The material below has pictures in it. Set down only the lines from the line containing "Figurbetontes DANRHO Shirt" through the line containing "此外,还有万向钱潮、阳光电源", word for word, and leave the pictures behind.

# [EXERCISE DATA]
━━━━
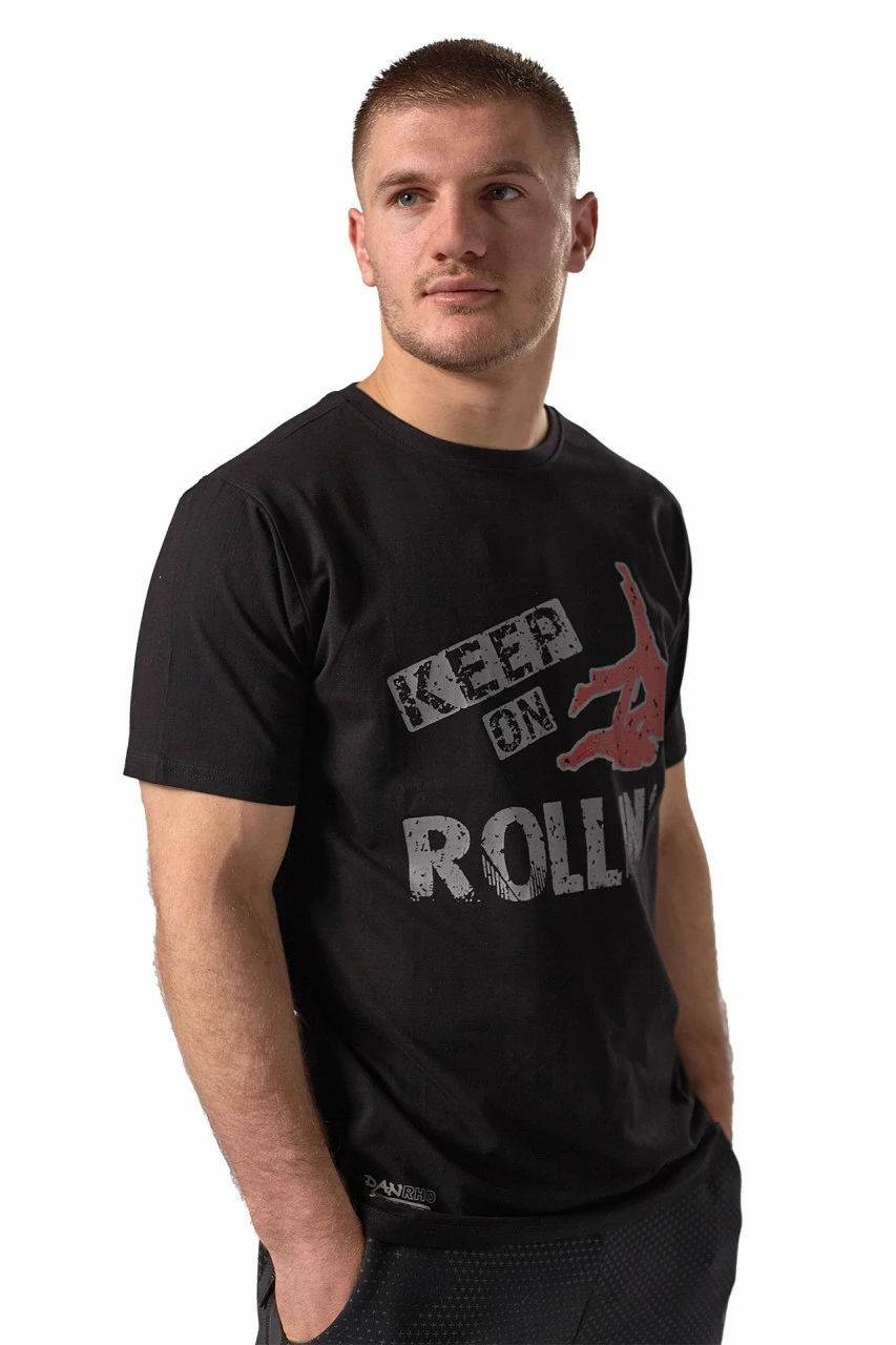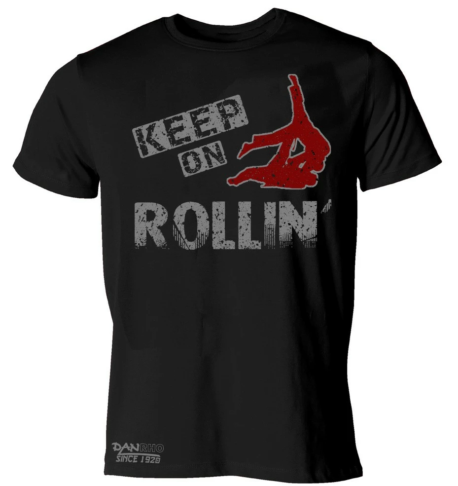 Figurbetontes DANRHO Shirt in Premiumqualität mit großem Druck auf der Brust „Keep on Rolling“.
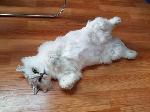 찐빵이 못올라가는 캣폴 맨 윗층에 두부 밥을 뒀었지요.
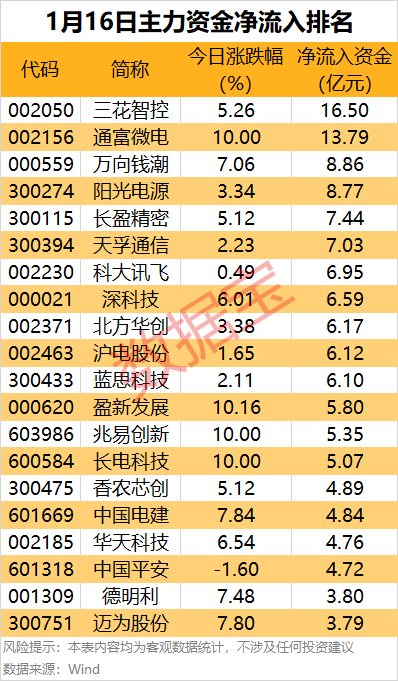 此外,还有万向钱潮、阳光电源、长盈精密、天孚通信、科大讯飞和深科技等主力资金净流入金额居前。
━━━━
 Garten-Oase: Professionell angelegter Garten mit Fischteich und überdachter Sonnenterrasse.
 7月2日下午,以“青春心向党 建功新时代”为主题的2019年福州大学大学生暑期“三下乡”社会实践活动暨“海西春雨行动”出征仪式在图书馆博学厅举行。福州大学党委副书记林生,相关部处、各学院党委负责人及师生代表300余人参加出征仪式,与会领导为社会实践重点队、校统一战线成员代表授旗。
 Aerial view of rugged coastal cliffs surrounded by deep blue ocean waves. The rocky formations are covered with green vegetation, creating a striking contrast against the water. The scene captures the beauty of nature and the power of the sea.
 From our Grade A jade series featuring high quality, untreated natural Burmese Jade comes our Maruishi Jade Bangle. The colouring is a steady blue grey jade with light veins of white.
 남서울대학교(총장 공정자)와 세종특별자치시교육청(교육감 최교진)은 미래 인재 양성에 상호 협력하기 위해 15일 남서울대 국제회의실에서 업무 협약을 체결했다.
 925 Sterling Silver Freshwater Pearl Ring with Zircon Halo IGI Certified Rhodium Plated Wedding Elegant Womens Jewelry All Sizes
━━━━
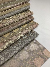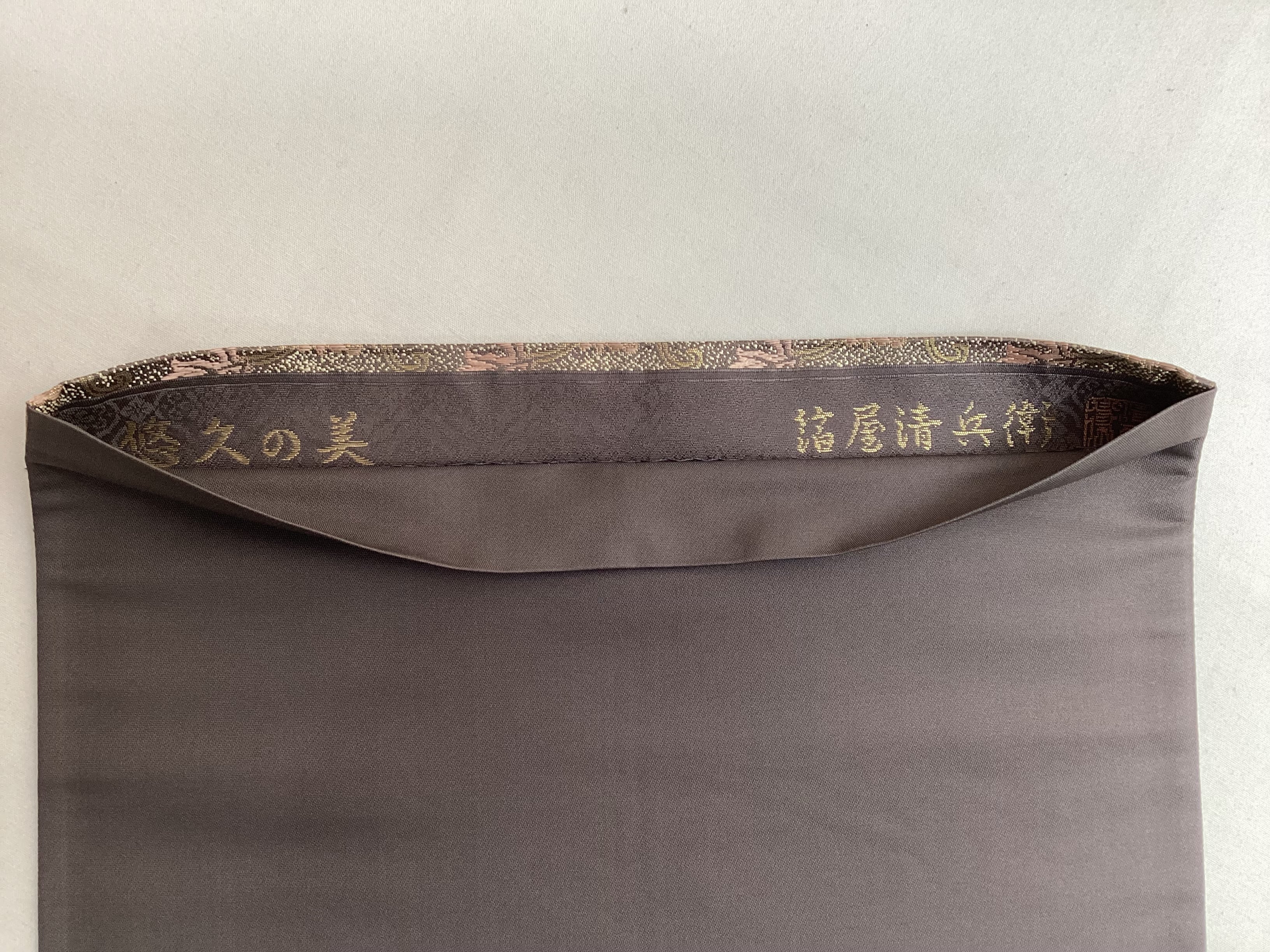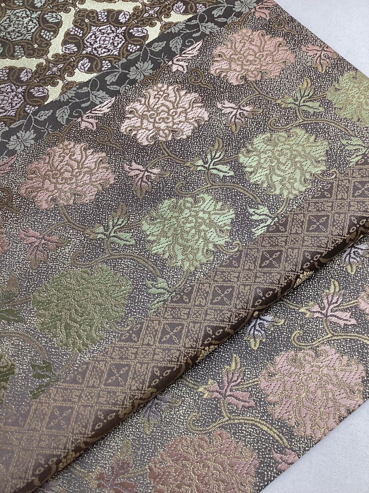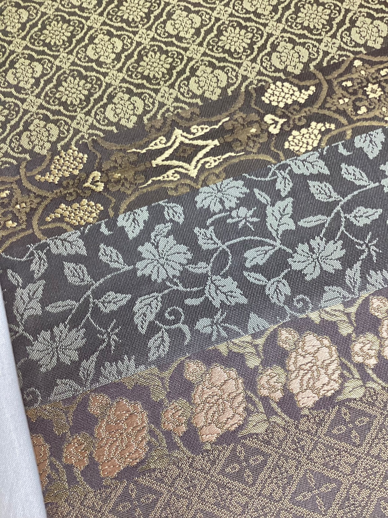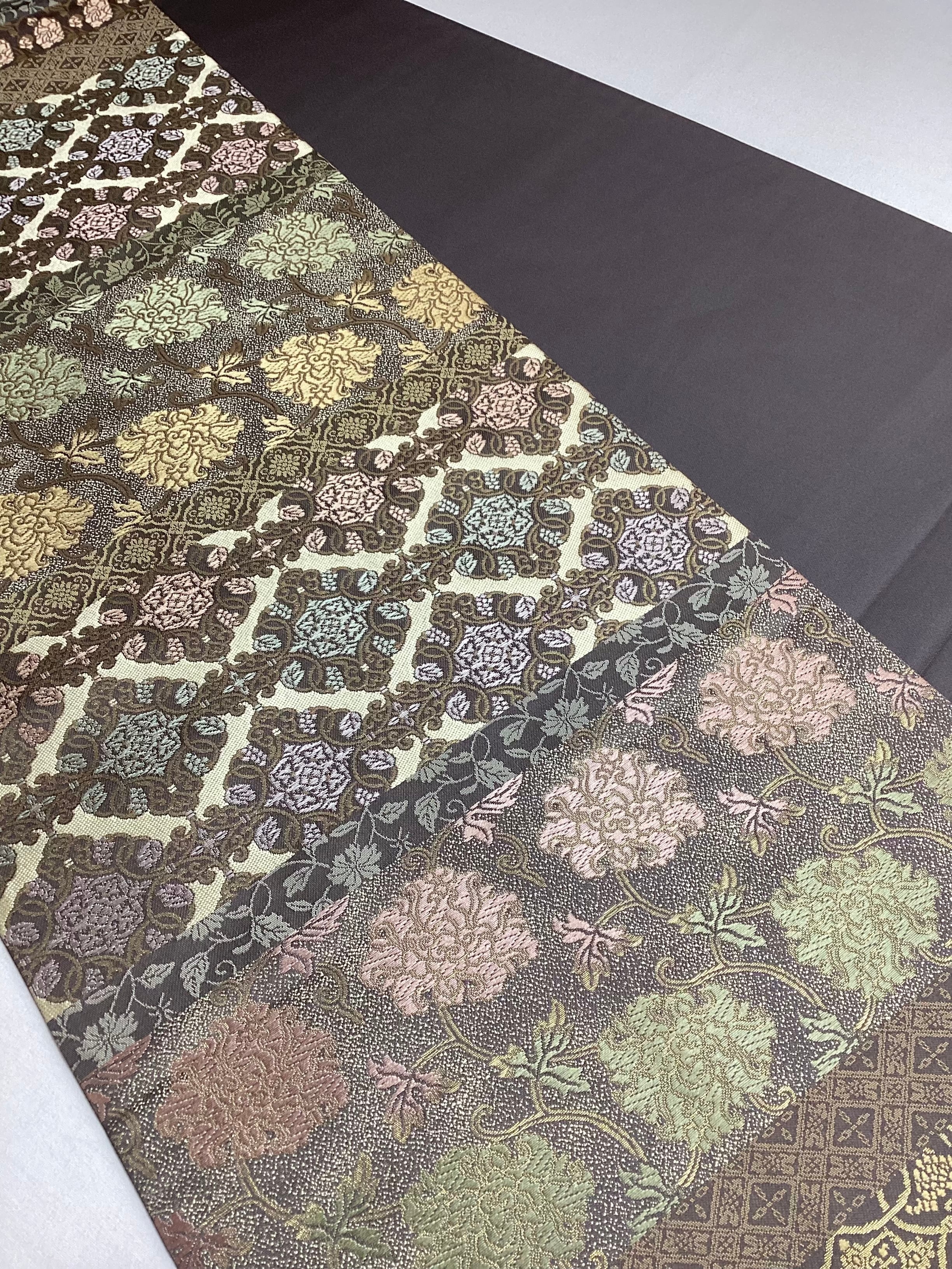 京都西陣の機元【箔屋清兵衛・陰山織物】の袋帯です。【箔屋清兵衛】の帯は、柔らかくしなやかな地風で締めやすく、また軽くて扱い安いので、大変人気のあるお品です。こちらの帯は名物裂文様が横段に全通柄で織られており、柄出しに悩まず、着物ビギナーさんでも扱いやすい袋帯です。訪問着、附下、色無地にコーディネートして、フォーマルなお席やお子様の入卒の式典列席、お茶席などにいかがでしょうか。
━━━━
# [ANSWER SPACE]
 Figurbetontes DANRHO Shirt in Premiumqualität mit großem Druck auf der Brust „Keep on Rolling“.
 찐빵이 못올라가는 캣폴 맨 윗층에 두부 밥을 뒀었지요.
 此外,还有万向钱潮、阳光电源、长盈精密、天孚通信、科大讯飞和深科技等主力资金净流入金额居前。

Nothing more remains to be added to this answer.